• Your task
Write out each line below precisely, passing over the pictures.

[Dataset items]

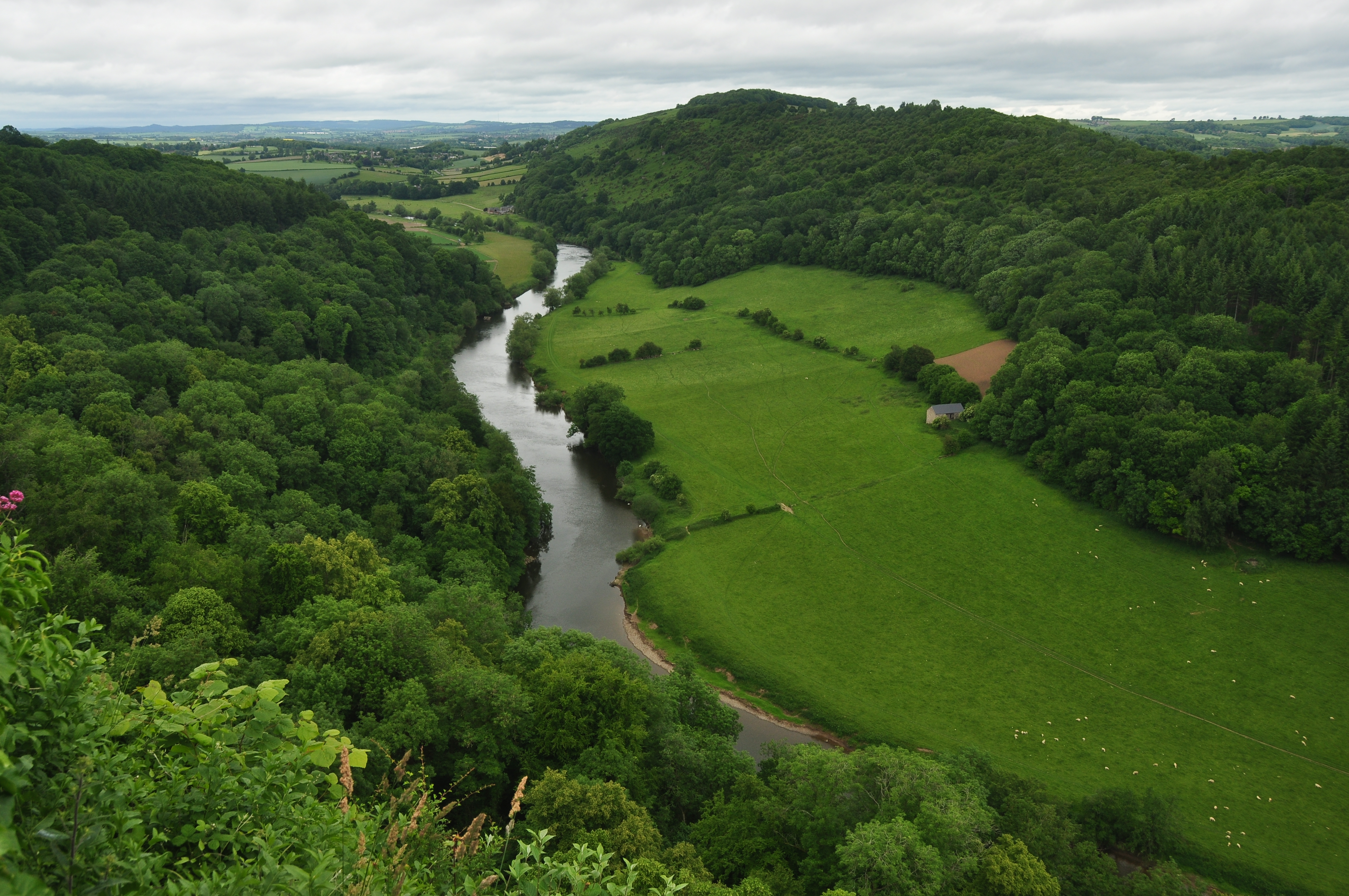 River Wye at Symonds Yat
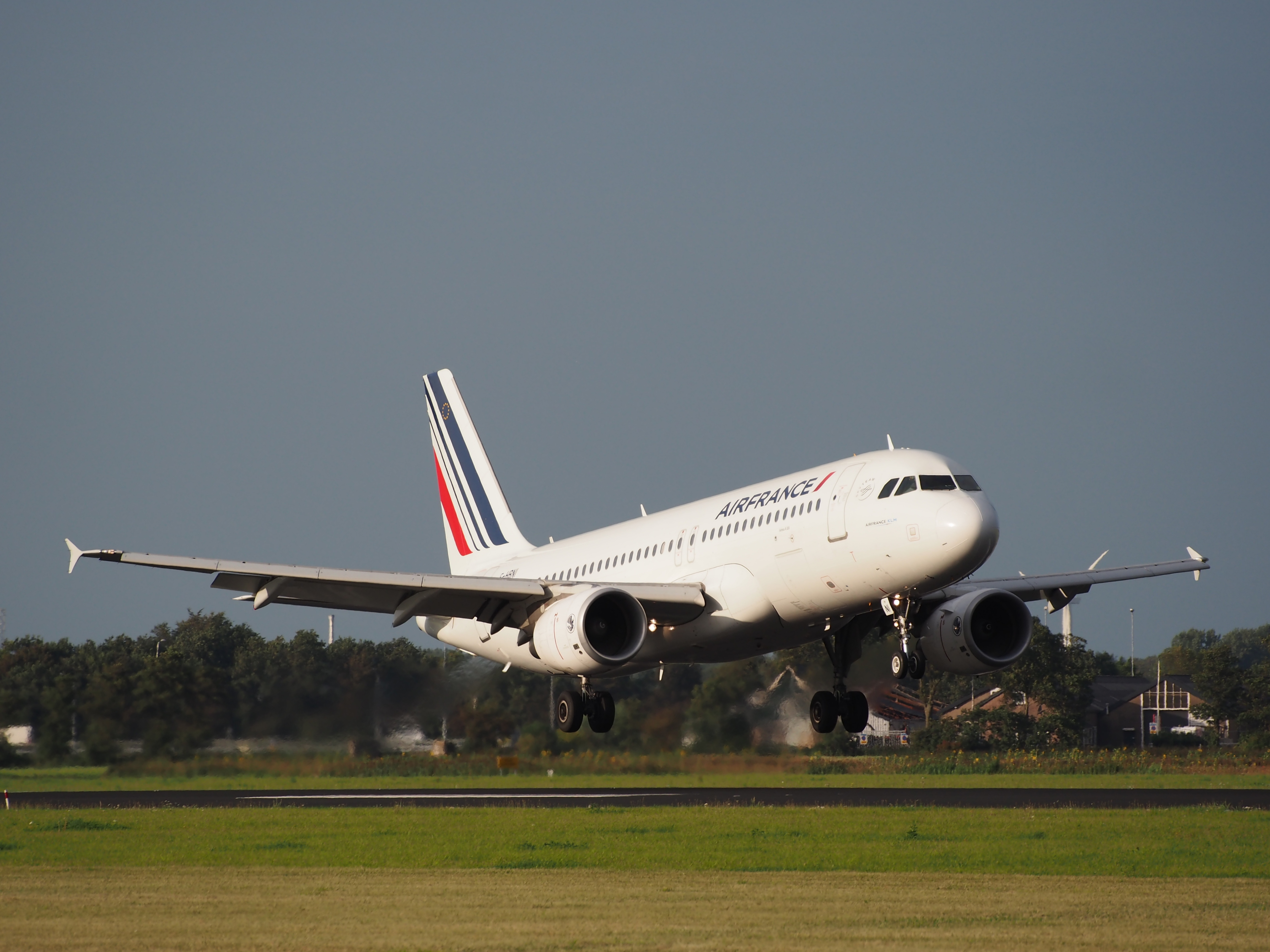 Photographed at Schiphol (EHAM-AMS) runway 18R, The Netherlands.
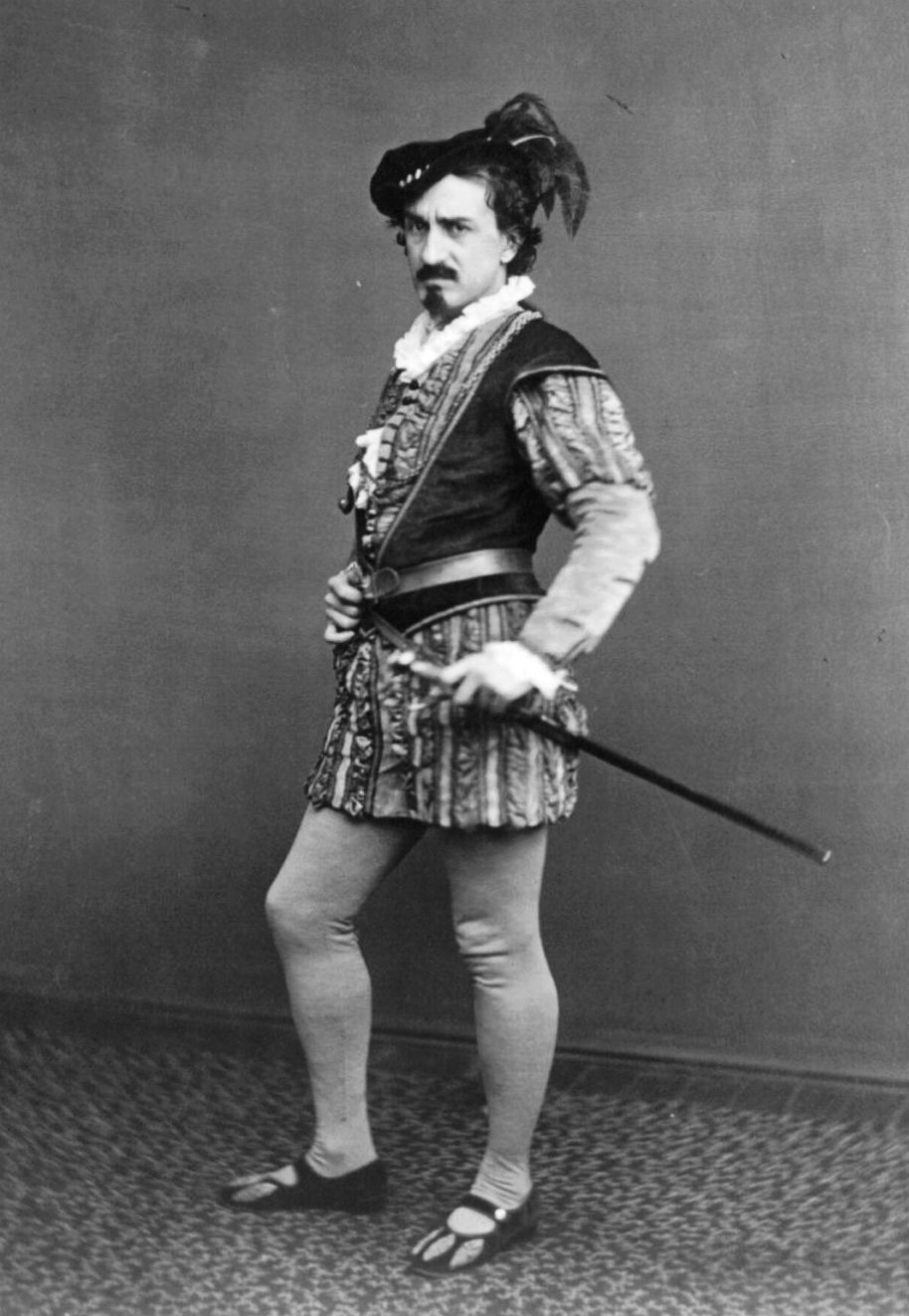 Photographic full-length portrait of Edwin Booth as Iago in Shakespeare's Othello, the Moor of Venice
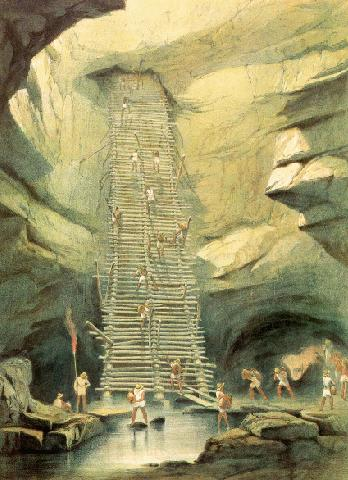 Cenote Xtacumbilxunan, at Bolonchen, Yucatan; view by Frederick Catherwood
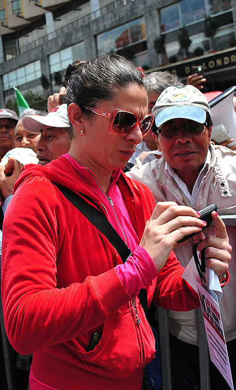 The former sprinter and senator by Chihuaua at the end of the "March-rally in defense of oil" in the Columbus Monument in Mexico City.
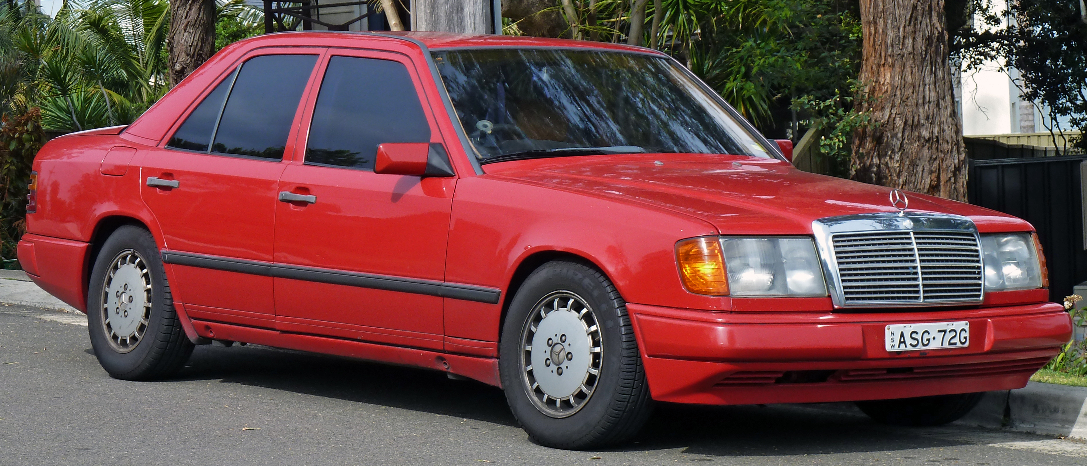 1986 Mercedes-Benz 300 E (W124) sedan. Photographed in Taren Point, New South Wales, Australia. Please note, the appearance has been altered by the painting of the side skirts, bumpers and side-view mirrors red (see this image for comparison).
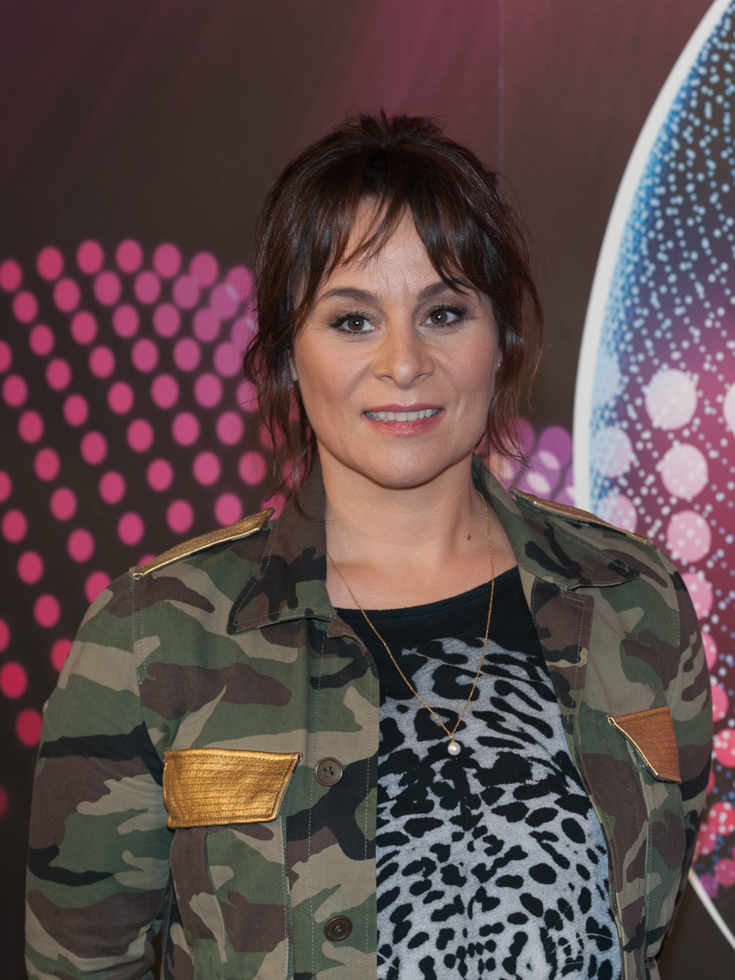 Eurovision Song Contest Vienna 2015: Trijntje Oosterhuis
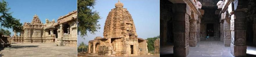 Pattadaka Temples, World Heritage Centre Source and Author : Manjunath Doddamani, Gajendragad / Hubli, Karnataka(North), India.
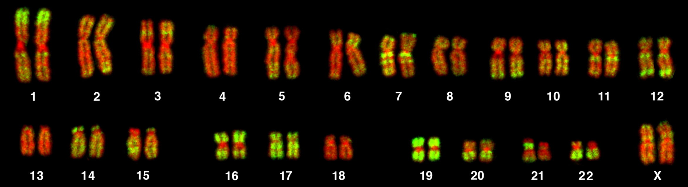 Human metaphase chromosomes were subjected to fluorescence in situ hybridization with a probe to the Alu Sequence (green signals)and counterstained for DNA (red). Original figure legend: Karyotype from a female human lymphocyte (46, XX). Chromosomes were hybridized with a probe for Alu sequences (green) and counterstained with TOPRO-3 (red). Alu sequences were used as a marker for chromosomes and chromosome bands rich in genes.
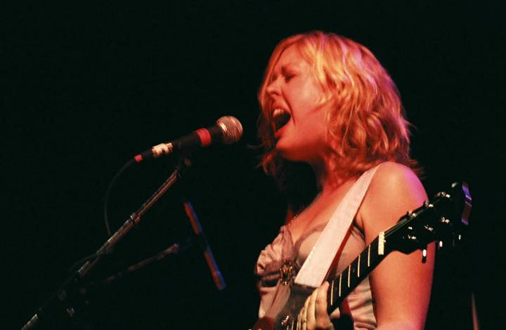 Photo taken by myself (justin poselenzny) at a recent Sleater-Kinney show in Portland, OR, at the Crystal Ballroom.
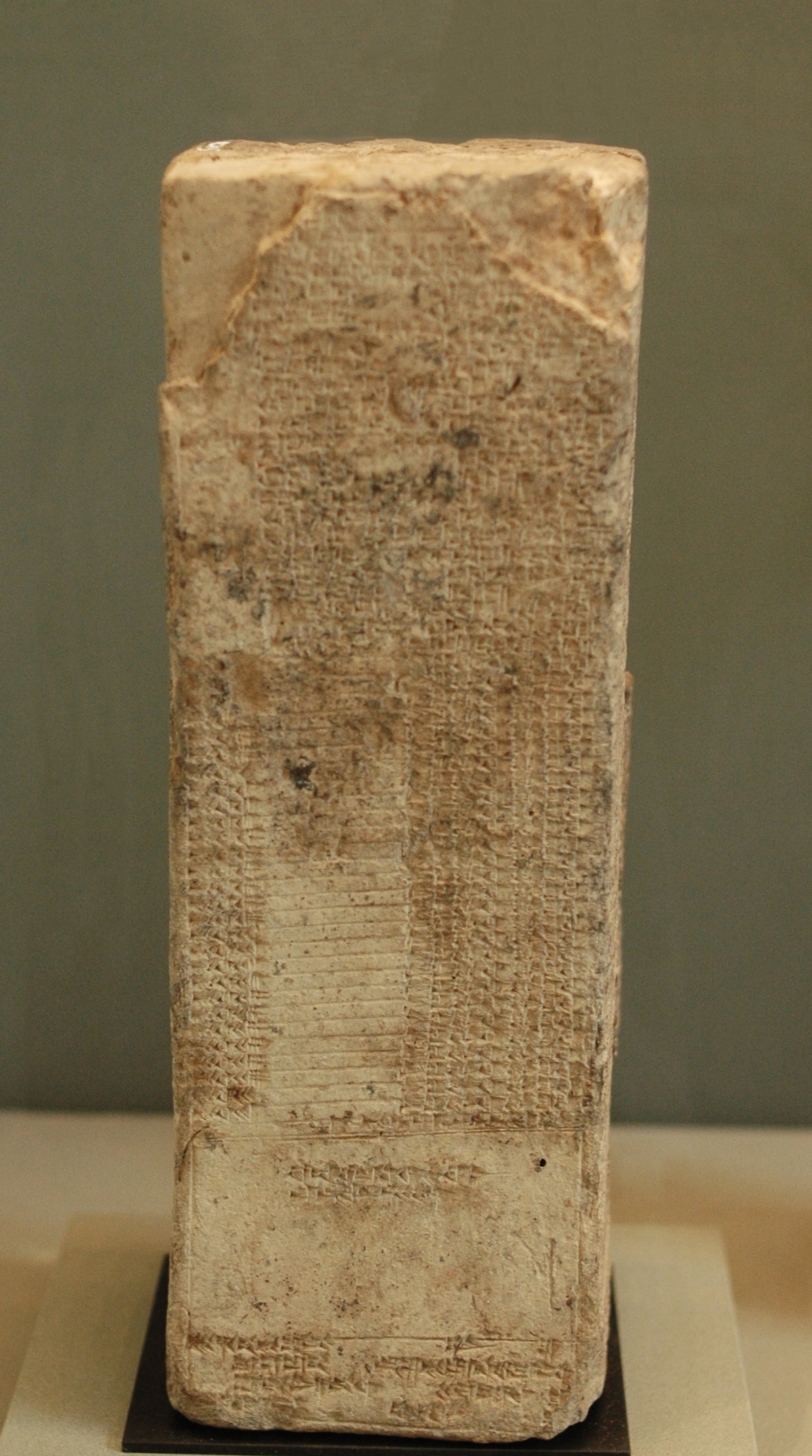 List of the kings of Larsa. Terracotta, Larsa, ca. 2025–1763 (39th year of the reign of Hammurabi).

• Solution to this task
 River Wye at Symonds Yat
 Photographed at Schiphol (EHAM-AMS) runway 18R, The Netherlands.
 Photographic full-length portrait of Edwin Booth as Iago in Shakespeare's Othello, the Moor of Venice
 Cenote Xtacumbilxunan, at Bolonchen, Yucatan; view by Frederick Catherwood
 The former sprinter and senator by Chihuaua at the end of the "March-rally in defense of oil" in the Columbus Monument in Mexico City.
 1986 Mercedes-Benz 300 E (W124) sedan. Photographed in Taren Point, New South Wales, Australia. Please note, the appearance has been altered by the painting of the side skirts, bumpers and side-view mirrors red (see this image for comparison).
 Eurovision Song Contest Vienna 2015: Trijntje Oosterhuis
 Pattadaka Temples, World Heritage Centre Source and Author : Manjunath Doddamani, Gajendragad / Hubli, Karnataka(North), India.
 Human metaphase chromosomes were subjected to fluorescence in situ hybridization with a probe to the Alu Sequence (green signals)and counterstained for DNA (red). Original figure legend: Karyotype from a female human lymphocyte (46, XX). Chromosomes were hybridized with a probe for Alu sequences (green) and counterstained with TOPRO-3 (red). Alu sequences were used as a marker for chromosomes and chromosome bands rich in genes.
 Photo taken by myself (justin poselenzny) at a recent Sleater-Kinney show in Portland, OR, at the Crystal Ballroom.
 List of the kings of Larsa. Terracotta, Larsa, ca. 2025–1763 (39th year of the reign of Hammurabi).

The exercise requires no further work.